[DATASET ENTRIES]
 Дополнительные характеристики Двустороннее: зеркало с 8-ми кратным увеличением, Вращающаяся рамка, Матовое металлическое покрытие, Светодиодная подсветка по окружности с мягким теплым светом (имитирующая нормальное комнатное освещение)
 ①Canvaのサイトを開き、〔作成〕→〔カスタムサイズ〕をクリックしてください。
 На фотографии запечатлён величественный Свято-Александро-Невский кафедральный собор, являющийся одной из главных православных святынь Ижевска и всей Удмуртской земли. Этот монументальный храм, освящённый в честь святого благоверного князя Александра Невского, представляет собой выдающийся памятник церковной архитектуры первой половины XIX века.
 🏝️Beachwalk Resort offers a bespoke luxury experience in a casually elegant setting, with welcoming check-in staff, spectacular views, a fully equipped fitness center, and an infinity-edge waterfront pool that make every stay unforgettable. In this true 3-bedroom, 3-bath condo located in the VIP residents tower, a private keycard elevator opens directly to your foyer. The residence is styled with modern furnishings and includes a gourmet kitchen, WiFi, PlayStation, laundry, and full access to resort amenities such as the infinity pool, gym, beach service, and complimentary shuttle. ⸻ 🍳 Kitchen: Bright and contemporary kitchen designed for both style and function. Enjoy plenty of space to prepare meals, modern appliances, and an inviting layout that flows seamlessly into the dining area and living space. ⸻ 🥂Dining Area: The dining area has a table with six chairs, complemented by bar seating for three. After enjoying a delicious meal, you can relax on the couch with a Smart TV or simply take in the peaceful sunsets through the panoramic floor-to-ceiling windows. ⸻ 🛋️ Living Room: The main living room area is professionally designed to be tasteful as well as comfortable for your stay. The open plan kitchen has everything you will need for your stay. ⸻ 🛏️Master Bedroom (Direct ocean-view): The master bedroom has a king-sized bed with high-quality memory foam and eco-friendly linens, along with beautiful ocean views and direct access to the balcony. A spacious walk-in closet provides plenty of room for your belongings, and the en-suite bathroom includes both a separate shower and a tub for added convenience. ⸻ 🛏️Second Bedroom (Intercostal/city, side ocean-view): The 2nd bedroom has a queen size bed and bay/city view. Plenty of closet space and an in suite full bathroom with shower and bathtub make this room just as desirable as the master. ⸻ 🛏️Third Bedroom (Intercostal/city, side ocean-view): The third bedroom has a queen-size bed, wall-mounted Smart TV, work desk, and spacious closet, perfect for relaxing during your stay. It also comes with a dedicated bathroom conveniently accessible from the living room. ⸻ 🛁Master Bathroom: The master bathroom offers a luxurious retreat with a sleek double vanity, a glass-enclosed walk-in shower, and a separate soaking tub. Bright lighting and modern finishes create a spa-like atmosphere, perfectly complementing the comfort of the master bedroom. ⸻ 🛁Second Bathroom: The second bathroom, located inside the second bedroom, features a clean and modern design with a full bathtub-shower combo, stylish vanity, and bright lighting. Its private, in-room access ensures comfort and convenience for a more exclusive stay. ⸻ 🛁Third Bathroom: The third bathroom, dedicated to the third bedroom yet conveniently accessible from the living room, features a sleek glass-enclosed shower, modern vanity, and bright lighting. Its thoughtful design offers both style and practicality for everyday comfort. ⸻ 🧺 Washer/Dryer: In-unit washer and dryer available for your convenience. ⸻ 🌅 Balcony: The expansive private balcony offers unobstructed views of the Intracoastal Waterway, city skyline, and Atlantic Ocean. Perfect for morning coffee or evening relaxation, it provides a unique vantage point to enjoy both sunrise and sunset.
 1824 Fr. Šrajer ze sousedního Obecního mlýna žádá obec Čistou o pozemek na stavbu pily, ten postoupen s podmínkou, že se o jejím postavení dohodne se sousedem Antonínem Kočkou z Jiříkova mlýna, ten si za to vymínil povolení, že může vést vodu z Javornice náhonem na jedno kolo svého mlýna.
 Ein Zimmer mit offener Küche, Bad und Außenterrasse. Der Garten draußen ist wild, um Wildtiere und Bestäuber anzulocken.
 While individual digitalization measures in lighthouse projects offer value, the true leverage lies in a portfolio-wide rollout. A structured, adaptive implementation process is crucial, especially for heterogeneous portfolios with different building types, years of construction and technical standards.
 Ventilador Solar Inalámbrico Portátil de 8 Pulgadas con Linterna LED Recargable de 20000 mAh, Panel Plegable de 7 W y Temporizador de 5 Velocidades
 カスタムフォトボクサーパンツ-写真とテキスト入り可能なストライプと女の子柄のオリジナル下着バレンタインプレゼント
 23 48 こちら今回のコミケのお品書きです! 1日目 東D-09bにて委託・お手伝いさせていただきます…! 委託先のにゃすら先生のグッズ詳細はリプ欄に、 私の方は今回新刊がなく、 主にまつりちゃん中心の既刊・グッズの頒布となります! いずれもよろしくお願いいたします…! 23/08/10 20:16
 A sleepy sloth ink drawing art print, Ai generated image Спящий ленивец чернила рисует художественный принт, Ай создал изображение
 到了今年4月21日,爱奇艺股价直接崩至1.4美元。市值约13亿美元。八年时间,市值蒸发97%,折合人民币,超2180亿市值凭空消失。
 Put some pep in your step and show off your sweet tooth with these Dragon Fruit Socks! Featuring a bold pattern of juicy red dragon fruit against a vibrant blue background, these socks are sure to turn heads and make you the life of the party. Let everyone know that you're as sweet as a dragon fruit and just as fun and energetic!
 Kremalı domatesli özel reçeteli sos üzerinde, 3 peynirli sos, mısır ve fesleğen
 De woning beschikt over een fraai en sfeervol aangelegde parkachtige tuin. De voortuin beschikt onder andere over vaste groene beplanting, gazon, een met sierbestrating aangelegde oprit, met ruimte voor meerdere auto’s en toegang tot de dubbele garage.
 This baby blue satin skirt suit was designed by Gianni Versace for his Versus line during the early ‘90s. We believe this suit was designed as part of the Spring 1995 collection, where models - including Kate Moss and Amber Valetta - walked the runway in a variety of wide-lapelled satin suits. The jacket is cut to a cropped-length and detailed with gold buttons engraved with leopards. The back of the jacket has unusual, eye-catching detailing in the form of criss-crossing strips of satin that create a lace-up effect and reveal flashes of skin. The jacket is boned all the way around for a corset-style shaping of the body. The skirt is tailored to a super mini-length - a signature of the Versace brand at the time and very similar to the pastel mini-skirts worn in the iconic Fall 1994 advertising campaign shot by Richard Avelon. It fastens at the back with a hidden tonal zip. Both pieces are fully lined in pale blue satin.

[YOUR ASSIGNMENT] Taking the entries above, write out exactly each line from the one holding "Kremalı domatesli özel" to the one holding "De woning beschikt", both included, and stop there.

[EXERCISE ANSWER]
 Kremalı domatesli özel reçeteli sos üzerinde, 3 peynirli sos, mısır ve fesleğen
 De woning beschikt over een fraai en sfeervol aangelegde parkachtige tuin. De voortuin beschikt onder andere over vaste groene beplanting, gazon, een met sierbestrating aangelegde oprit, met ruimte voor meerdere auto’s en toegang tot de dubbele garage.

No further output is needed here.